● TASK TO CARRY OUT
Omit the images. Reproduce each line of the records exactly as it appears.
*** RECORDS SUPPLIED ***
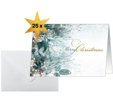 Mit einmaligem Motiv und ruck-zuck bedruckt: Weihnachts-Karten "Christmas wishes" (Motiv: Blätter und Zweige in grün, beige, weiss) im Format A6 (Weisskarton, 250 g/m², 25 Karten). Inkl. 25 passender, gummierter Umschläge. Überraschen Sie Geschäftspartner, Mitarbeiter, Kollegen oder auch Freunde und Familie mit exklusiven Grüssen zur Weihnachtszeit. Individuell und unkompliziert bedruckbar - für Ihre persönliche und einzigartige Weihnachtspost im Handumdrehen. Keine Abhängigkeit von Druckereien, geringe Auflagen ganz nach Bedarf - und das in Premiumqualität.
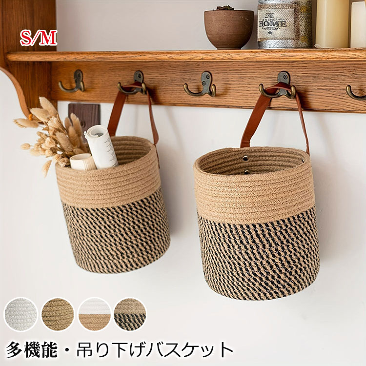 吊り下げバスケット 2個セット キッチン収納かご 綿 収納バスケット ロープバスケット フルーツバスケット 壁掛け用バスケット ウォールポケット 玄関収納 小物入れかご インテリア 雑貨 ナチュラル
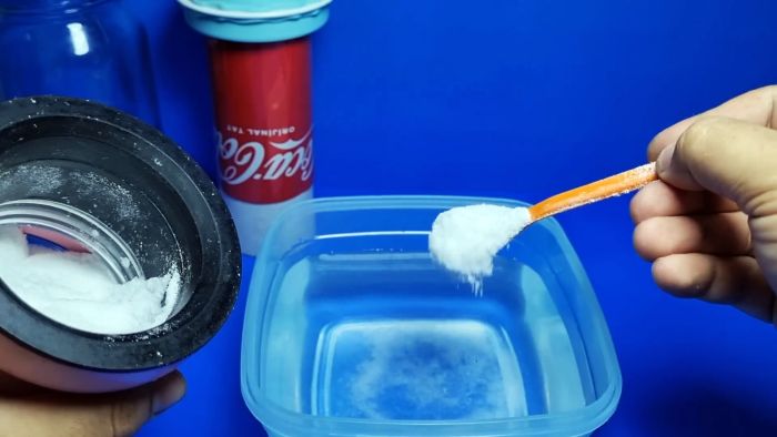 Получилось своеобразная водно-солевая батарея. Для ее заправки возьмем воду и насыпем в нее несколько ложек пищевой, поваренной соли. Помешаем до растворения.
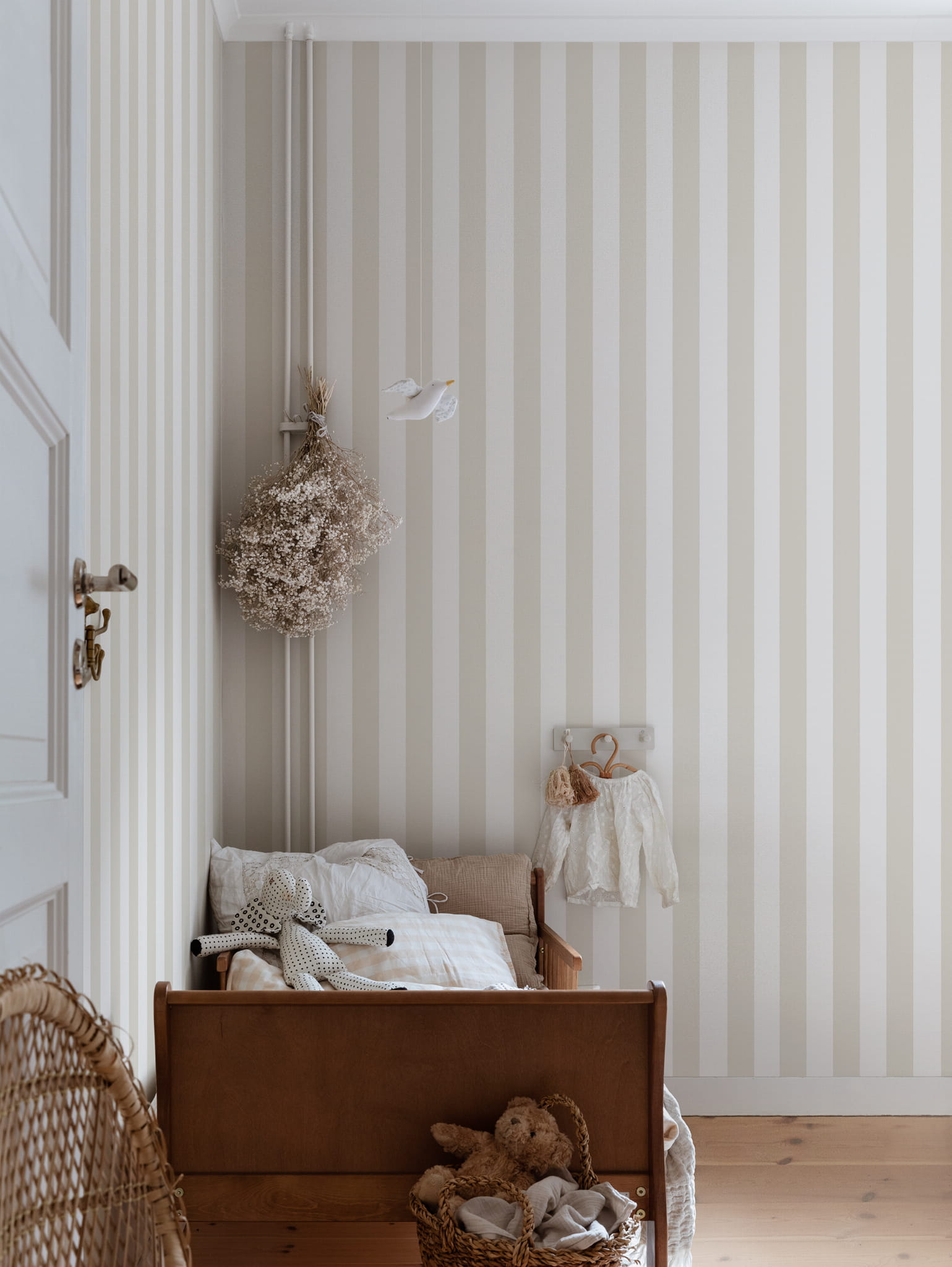 Ekskluzywna tapeta ścienna z kolekcji "Villa Dallarö II", szwedzkiego producenta Sandberg. Projekt "Sam" to klasyczny wzór pasów, współgrający niemal z każdym stylem aranżacyjnym i nadający się do każdego pomieszczenia. Wyróżnia się pastelową kolorystyką, która łączy jasny, lniany beż z bielą. Gwarantuje stylową i elegancką aranżację o modnym i przytulnym charakterze. Struktura tapety jest idealnie gładka a wykończenie matowe. Tapeta z powodzeniem sprawdzi się jako samodzielna dekoracja całego pomieszczenia, jak i w stylowym zestawieniu z innymi tapetami z kolekcji. Tapeta S10198 jest tapetą flizelinową, ekologiczną, zmywalną w dobrym stopniu, dzięki czemu może być bardzo delikatnie przecierana ściereczką.
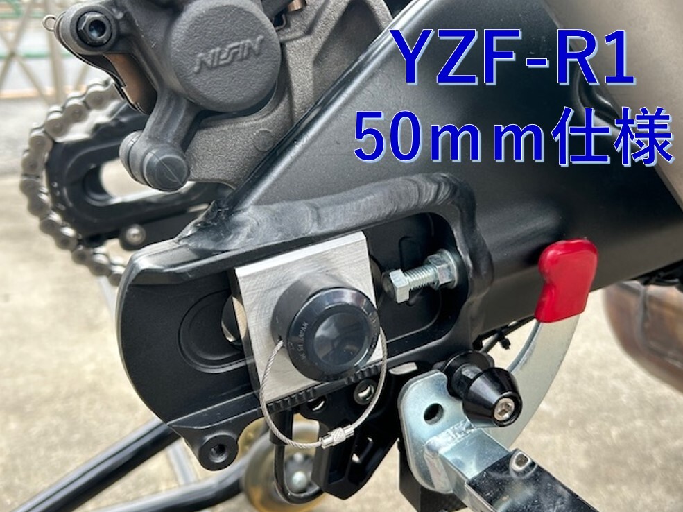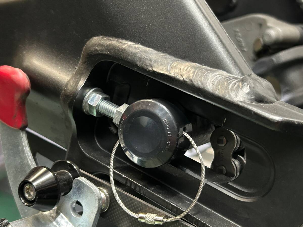ホイール装着の際、ブレーキキャリパーが不安定で装着が 困難な状況を解消できるサポートツールです。 右側から差込み、キャリパーサポートをスイングアームに 仮止めしておけますので、安定した作業が可能となります。 また、ホイール取り外し時もブレーキホースの負担軽減や スイングアームの傷つき防止にもなります。 中央のパイプ部分はカーボン製ですので軽量/高剛性です。 画像はYZF-R1(15~23)に50mm仕様 CBR1000RR-Rに60mm仕様を装着した状態です。 また、左側(スプロケ側)から使用する事で、 チェーンをかけておくことも出来ます。 大型車のシャフト径Φ28mmの車両であれば、使用可能です。 MT10 GSX-R1000R GSX1300R隼 S1000RR等 適合については画像の寸法を確認の上、ご自身で判断願います。 落札後に50mm/60mm どちらか指定して下さい。 |
*** End of RECORDS SUPPLIED ***
● EXERCISE SOLUTION
 Mit einmaligem Motiv und ruck-zuck bedruckt: Weihnachts-Karten "Christmas wishes" (Motiv: Blätter und Zweige in grün, beige, weiss) im Format A6 (Weisskarton, 250 g/m², 25 Karten). Inkl. 25 passender, gummierter Umschläge. Überraschen Sie Geschäftspartner, Mitarbeiter, Kollegen oder auch Freunde und Familie mit exklusiven Grüssen zur Weihnachtszeit. Individuell und unkompliziert bedruckbar - für Ihre persönliche und einzigartige Weihnachtspost im Handumdrehen. Keine Abhängigkeit von Druckereien, geringe Auflagen ganz nach Bedarf - und das in Premiumqualität.
 吊り下げバスケット 2個セット キッチン収納かご 綿 収納バスケット ロープバスケット フルーツバスケット 壁掛け用バスケット ウォールポケット 玄関収納 小物入れかご インテリア 雑貨 ナチュラル
 Получилось своеобразная водно-солевая батарея. Для ее заправки возьмем воду и насыпем в нее несколько ложек пищевой, поваренной соли. Помешаем до растворения.
 Ekskluzywna tapeta ścienna z kolekcji "Villa Dallarö II", szwedzkiego producenta Sandberg. Projekt "Sam" to klasyczny wzór pasów, współgrający niemal z każdym stylem aranżacyjnym i nadający się do każdego pomieszczenia. Wyróżnia się pastelową kolorystyką, która łączy jasny, lniany beż z bielą. Gwarantuje stylową i elegancką aranżację o modnym i przytulnym charakterze. Struktura tapety jest idealnie gładka a wykończenie matowe. Tapeta z powodzeniem sprawdzi się jako samodzielna dekoracja całego pomieszczenia, jak i w stylowym zestawieniu z innymi tapetami z kolekcji. Tapeta S10198 jest tapetą flizelinową, ekologiczną, zmywalną w dobrym stopniu, dzięki czemu może być bardzo delikatnie przecierana ściereczką.
ホイール装着の際、ブレーキキャリパーが不安定で装着が 困難な状況を解消できるサポートツールです。 右側から差込み、キャリパーサポートをスイングアームに 仮止めしておけますので、安定した作業が可能となります。 また、ホイール取り外し時もブレーキホースの負担軽減や スイングアームの傷つき防止にもなります。 中央のパイプ部分はカーボン製ですので軽量/高剛性です。 画像はYZF-R1(15~23)に50mm仕様 CBR1000RR-Rに60mm仕様を装着した状態です。 また、左側(スプロケ側)から使用する事で、 チェーンをかけておくことも出来ます。 大型車のシャフト径Φ28mmの車両であれば、使用可能です。 MT10 GSX-R1000R GSX1300R隼 S1000RR等 適合については画像の寸法を確認の上、ご自身で判断願います。 落札後に50mm/60mm どちらか指定して下さい。 |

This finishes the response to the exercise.